Although essentially a spoken language with no standard orthography, Terengganu Malay is widely used in folk songs, poems, and also in mainstream and local media (such as local radio stations, dramas and movies). Ibrahim Taib, a famous Terengganu poet was known for his usage of Inland Terengganu dialect in his poems such as "Mok, Aku Nok Tubaik" ('Mom, I want to get out') and "Jadilah Awang" ('Enough Awang').

===Music===
Terengganu has a rich history of folk songs sung mostly in Terengganu Malay, among those are Anok Udang, Anok Burung Baniong, Ulek Mayang and Watimang Landok.

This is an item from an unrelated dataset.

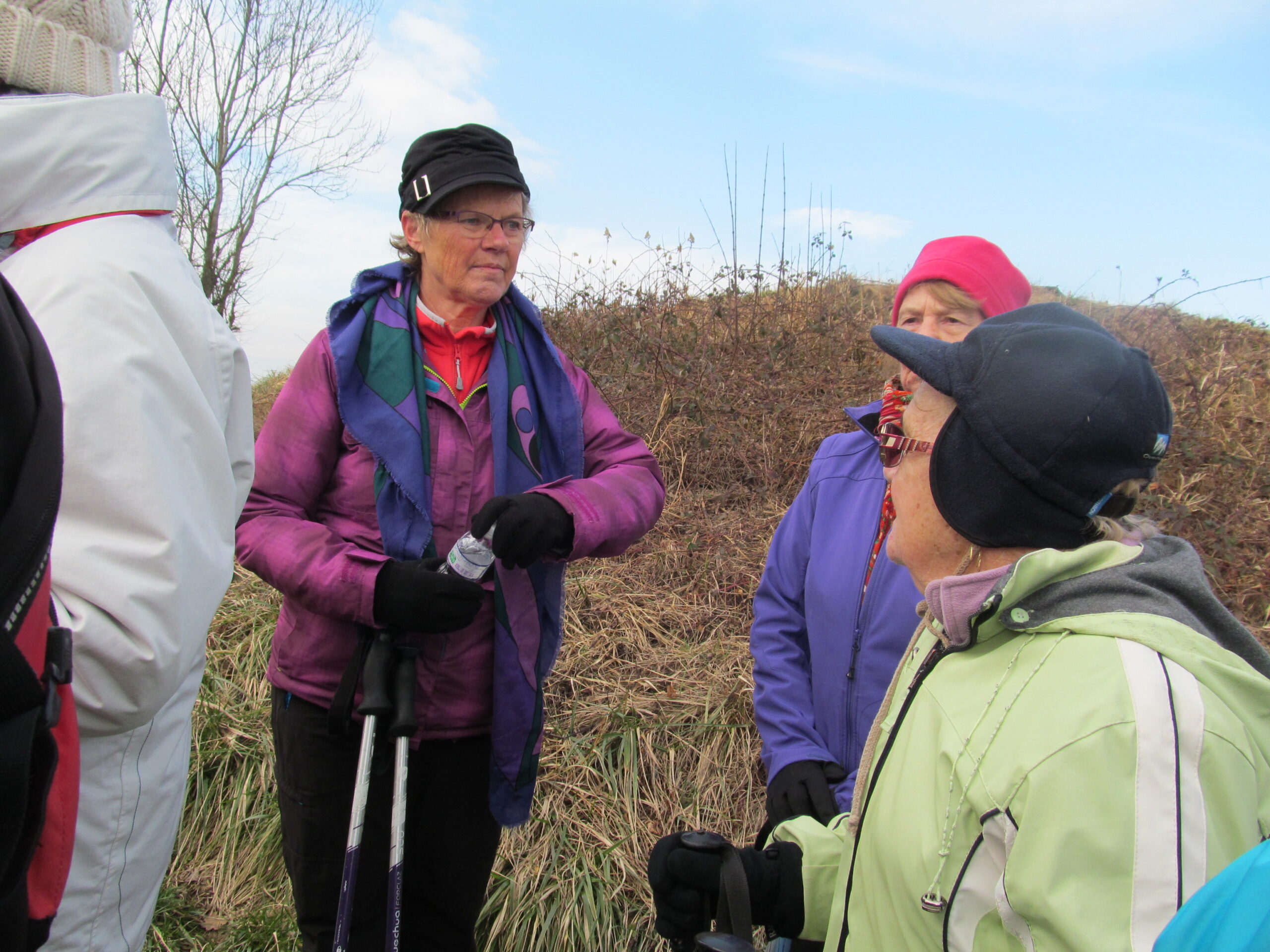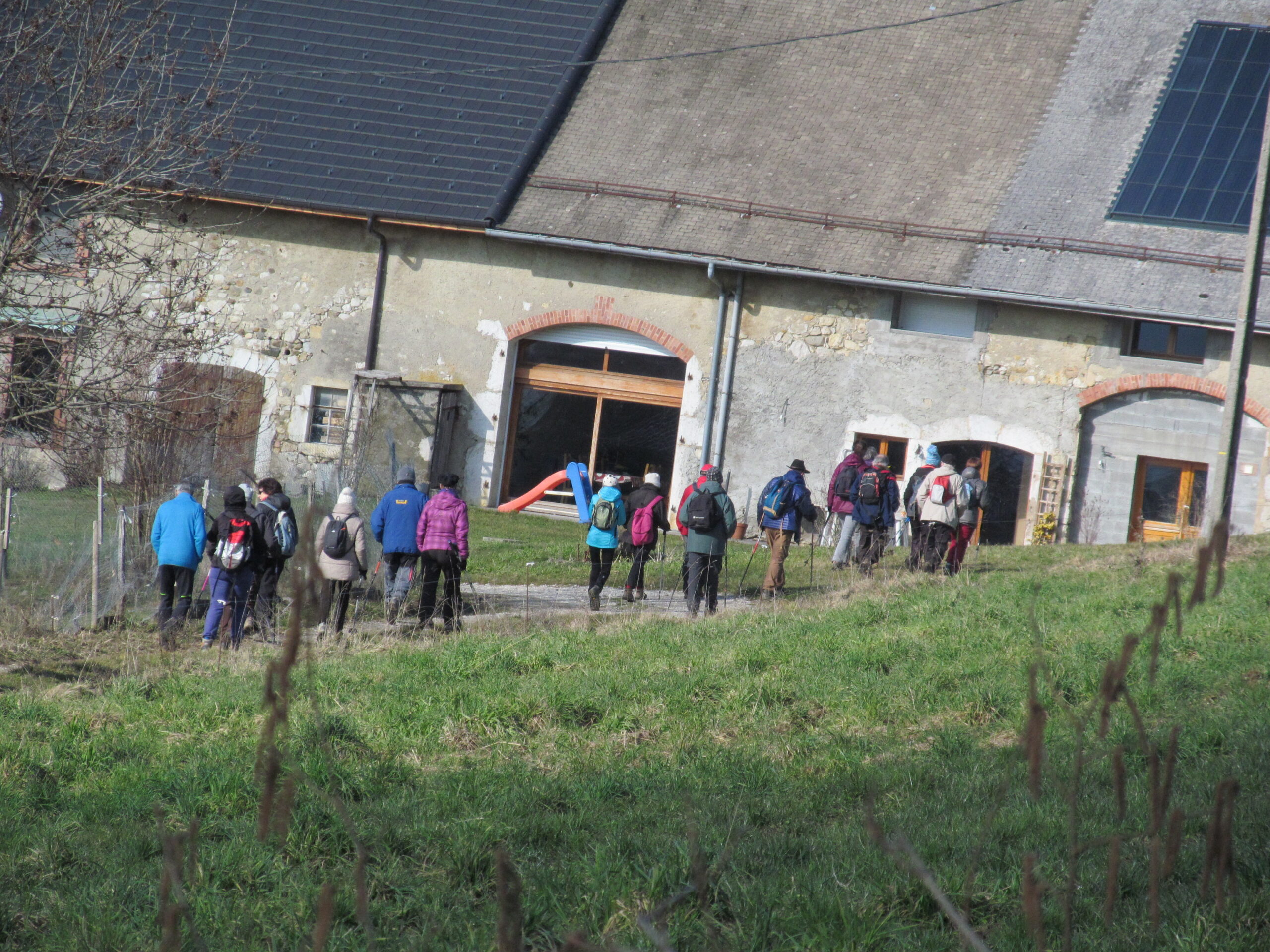 Itinéraire : mairie de Choisy et son jardin, descente vers Perroux, Avrenay, montée jusqu’à Combes, descente vers le stade, bordure du parcours santé, banc de la Bellevue, chemin des écoliers pour retour au chef-lieu. La majeure partie du chemin s’est fait à l’abri du vent grâce au choix judicieux de notre animatrice.

Besides traditional folk songs, Terengganu Malay has also made way into modern contemporary songs especially singers or bands who were born and raised in Terengganu. Among the most well known was the song "Blues Tranung/Ganu Kite" by a famous Malaysian band Iklim. It was a hit song not just in Terengganu but also across Malaysia in the 90s and 2000s. "Dondang Dendang", a 1999 song composed by Suhaimi Mohd Zain and recorded by traditional singers Noraniza Idris and Siti Nurhaliza, contains an old Terengganuan Malay poem in the bridge based on the traditional Terengganu dance called Rodat. Another band called Spring also recorded a song sung in Terengganuan, called "Hati Mahu Baik".

==Phonology==
=== Consonants ===
Consonant inventory of Terengganu Malay

|  | Labial | Dental | Alveolar | Palatal | Velar | Glottal |
|---|---|---|---|---|---|---|
| Stops | p b | t | d |  | k ɡ | ʔ |
| Fricatives |  |  | s |  | x | h |
| Nasals | m |  | n | ɲ | ŋ |  |
| Affricates |  |  |  | c j |  |  |
| Liquids |  |  | l |  | ɣ |  |
| Glides | w |  |  | y |  |  |

=== Vowel Inventory ===

|  | Front | Central | Back |
|---|---|---|---|
| High | i ĩ |  | u ũ |
| Mid-High | e |  | o |
| Mid-Low | ɛ ɛ̃ | ə | ɔ ɔ̃ |
| Low |  | a ã |  |

=== Pronunciation ===

//a// followed by a nasal consonant changes to //ŋ//: ayam ايم ('chicken') becomes ayang; makan ماكن ('to eat') becomes makang

//a// at the end of syllables changes to //ɔʔ//: minta مينتا ('to ask') becomes mitok

//ah// changes to //ɔh//: rumah رومه ('house') becomes rumoh

//a// changes to //ə//: saya ساي ('I') becomes saye

//i// changes to //iŋ//: sini سيني ('here') becomes sining

//ua// changes to //ɔ//: buaya بوايا ('crocodile') becomes boye

//aj// becomes //aː//: sungai سوڠاي ('river') becomes sunga

//aw// becomes //a//: pisau ڤيساو ('knife') changes to pisa

//ia// before a nasal vowel changes to //ijaŋ//: siam سيام ('Siam') becomes siyang

//ia// changes to //ɛ//: biasa بياسا ('once') becomes bese

//s// and //f// at the end of syllables changes to //h//: malas مالس ('lazy') changes to malah

//m// and //n// at the end of syllables changes to //ŋ//: hakim حاكيم ('judge') changes to hakeng

//r// changes to //ɣ//: orang اورڠ ('person') becomes oghang

Final consonants are often only pronounced as a glottal stop.
bukit بوكيت ('hill') becomes buke’ (/[bukiʔ]/)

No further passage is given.